I have a quick question for anyone who has ever used Titleist 704's. I purchased a set last Spring from SupremeGolf in Arlington, TX through e-bay. The irons arrived in new condition and I have been very happy with their performance. When I tried to register them on the Titleist website I was informed I would need a serial number off of the 6 iron. Well, my irons don't have any serial numbers on any of the irons and I am wondering if they are authentic or clones? Can anyone help me in determining their authenticity? I called Titleist and they said I would need to send them back to the factory for inspection. Is there any other way?

Thanks, Dennis


----------



## 373 (Jun 9, 2006)

I know the clone and counterfeit market has become a big problem for ebay sellers and buyers alike. There was a recent article in a magazine about it, how you could buy practically any brand of irons on the street in China. They were "fakes" made by the same manufacturers who made the real club heads, but they were stolen from the production line so someone could make an extra buck.

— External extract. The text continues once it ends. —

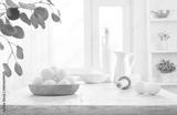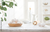 Eggs, flour, jug of milk and oil for preparing dough on table in rustic kitchen interior background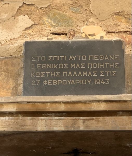 Μια πλάκα πάνω από την κύρια είσοδο του σπιτιού αναγράφει: «Στο σπίτι αυτό πέθανε ο εθνικός μας ποιητής Κωστής Παλαμάς στις 27 Φεβρουαρίου 1943».

The hard part to understand was that they people interviewed didn't seem to feel they were doing anything wrong.

I recently sold a set of Cleveland irons and I got an email from a buyer asking the serial number. I was surprised that I couldn't find one, but more surprised when I called Cleveland and they advised me they don't put serial numbers on their clubs. They do have some other little tricks they use to determine how you could tell the authenticity of a Cleveland club, but without sending the clubs to them, it could be a crap shoot. They suggested I look for a little raised dot on the upper part in the C in Cleveland. Thankfully, I found my irons had that dot and the buyer was satisfied enough to buy the irons.

I know Callaway serializes their clubs. If Titleist does too, I would get Titleist on the phone and ask exactly where to find it and whether they do anything else to be able to tell.


----------